Но страшнее всего — это начальству на глаза попасться. Сразу начинают про план расспрашивать, а то и к бухгалтеру вызовут, отделайся-ка попробуй! А не дай бог в конторе сумку попросят показать…

Нет, эта дорога по парку Клаву не устраивала. Она предпочитала ходить на работу другим путем, по главной аллее. Пусть подальше, зато спокойнее. Сразу от входа нужно идти по аллее выстроившихся в ровные колонны могучих тополей, кроны которых касались друг друга, образовав над головой зеленую крышу. Днем здесь было тихо, пахло скошенной травой и политыми из шлангов цветами.

За двадцать минут ходьбы она так измоталась мыслями о возможном задержании, что желала сейчас только одного — подставить лицо под холодную водопроводную струю. «Ну не психуй, потерпи немного, — уговаривала она себя. — Нет, нужно все бросать, сил больше нет продолжать это…»

Но тут она вспомнила, что и в прошлом году слово себе давала. А время прошло, вроде все позабылось. Пыталась с Витюхой посоветоваться, да какой он советчик! А весной позвонила директорша, предложила поработать лето. Как услышала, ноги подкосились, дух перехватило, но та не торопила, дала время подумать. Думала-думала и согласилась: коньяком-то можно и потихоньку баловать, когда обстановка позволяет…

А тут еще про Глашку Пупкову рассказали. Приехала в их деревню и давай воображать. Снег до колен, тропинка в деревне не дорога в Москве, а она в новых туфельках да в шубе каракулевой. Вся деревня глазела. Бабка Дуня хоть и стара, а тоже выползла, да возьми и скажи: «Глашкя, хворь, чай, так можно ухватить». Будет Глашка слушать, рукой махнула и пошла: мол, сами с усами, знаем, что делаем.

Глашкину шубу приходил смотреть из соседней деревни скорняк Василий Иванович, все не верили, что шуба стоит дороже деревенского дома.

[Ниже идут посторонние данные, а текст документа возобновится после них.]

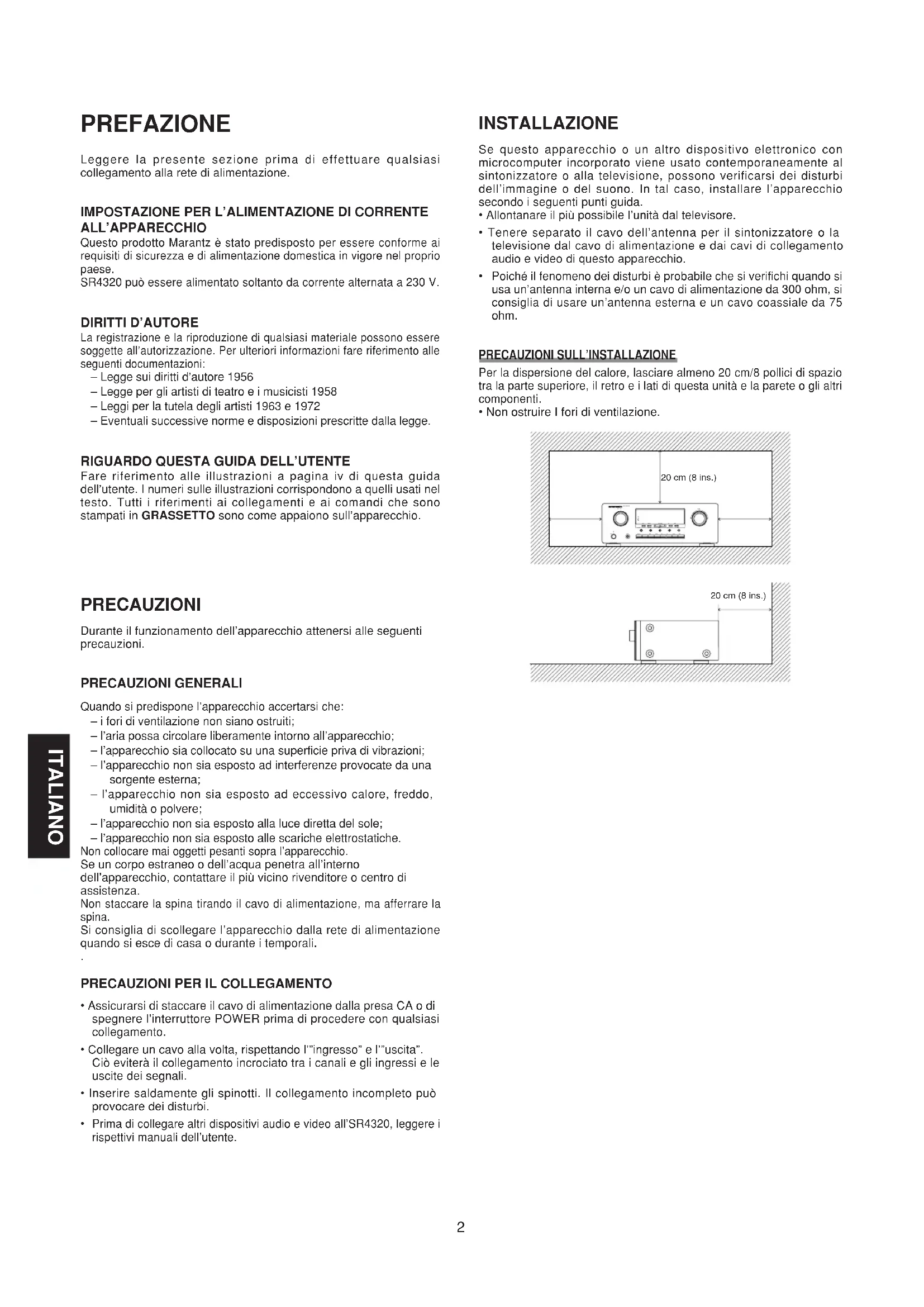 ALL’APPARECCHIO Questo prodotto Marantz è stato predisposto per essere conforme airequisiti di sicurezza e di alimentazione domestica in vigore nel propriopaese.SR4320 può essere alimentato soltanto da corrente alternata a 230 V.
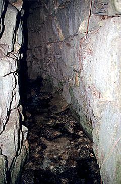 The interior vault walls of the aqueduct in the Picota Complex curve underneath the remains of the plaza level above. (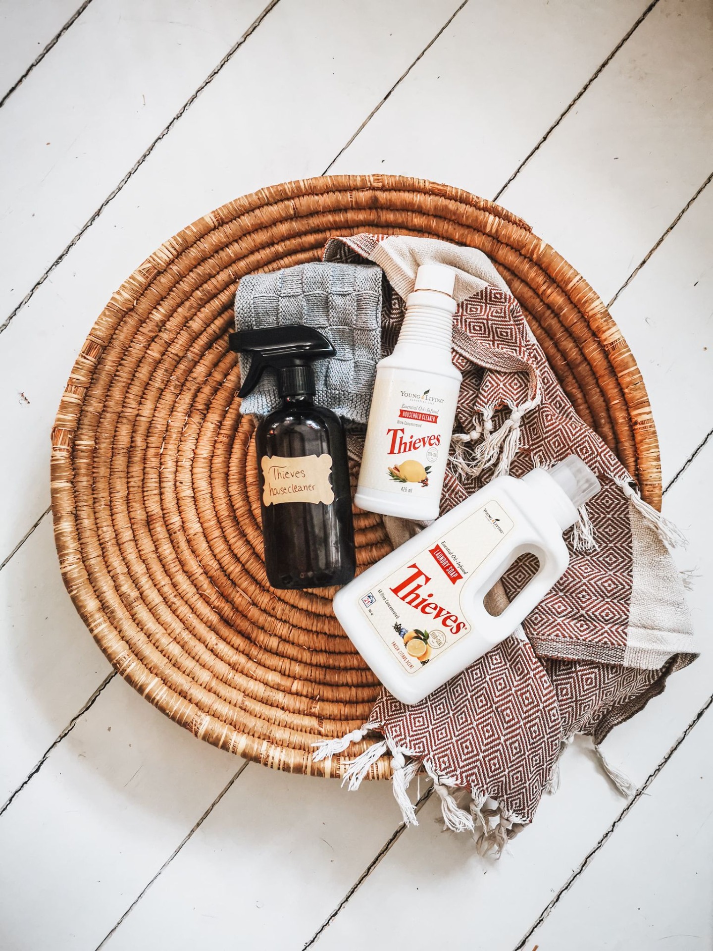 Vi har ligeledes skiftet vores rengøring ud med Thieves Household Cleaner. Denne universal rengøring kan bruges til hele hjemmet, og kan laves til forskellig rengøringsprodukter. Den er lige som vaskemidlet 100% plantebaseret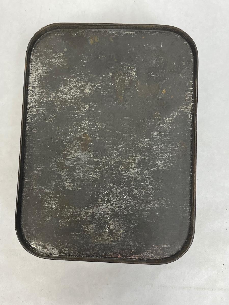 Rust and Corrosion kept us from getting lid off. In good vintage condition. measures approx 5" x 7".

А Глашкин муж — очкарик — так всем открыто и сказал: «Хватит, пожила в бедноте, теперь пусть в каракуле походит, в жизни должна быть справедливость!» Ясное дело, достаток у Глашкиной матери небольшой, много ли на почтальоношное жалованье булок купишь… Конечно, она Глашке не чета, та вон какого мужа отхватила, институт закончила. Но она свое слово тоже скажет, еще посмотрим, кто чего стоит, еще увидим, кто больше подарков привезет, оденется лучше. Все кольца-цепочки наденет, шубу норковую купит, а то, глядишь, и на своей машине прикатит.

Клава вздрогнула: навстречу ей шли двое мужчин.

— Девушка, где здесь пельменная? — спросил один, добродушно улыбаясь.

— Вон там, за утлом, — испугавшись, со злостью бросила Клава и прибавила шагу. «Ну, кажись, осталось немного…»

Конец аллеи она считала самым опасным местом. Там на огромной клумбе благоухали розы, и около них всегда был народ. «Сидят тут, лодыри, цветы разглядывают. Неужели дома делать нечего?» — с ненавистью думала она.



Сумочка все тяжелела, Клаву трясло от страха. «Дармовые деньги даром не даются», — вспомнила она поговорку матери. «Ну, еще немного, потерпи…»

Взгляд упал на молодую женщину в ярко-красном платье. Женщина сидела на скамье, читала какую-то книжку, покачивая детскую коляску. Клава искоса посмотрела на нее. Женщина отложила книгу, наклонилась над коляской, сделала губы трубочкой и загугукала ребенку. И Клава позавидовала ей. Позавидовала потому, что она может вот так спокойно и беззаботно сидеть и гугукать со своим младенцем. Ей бы сейчас так ну хоть самую малость, а то носи, терзайся, мучайся…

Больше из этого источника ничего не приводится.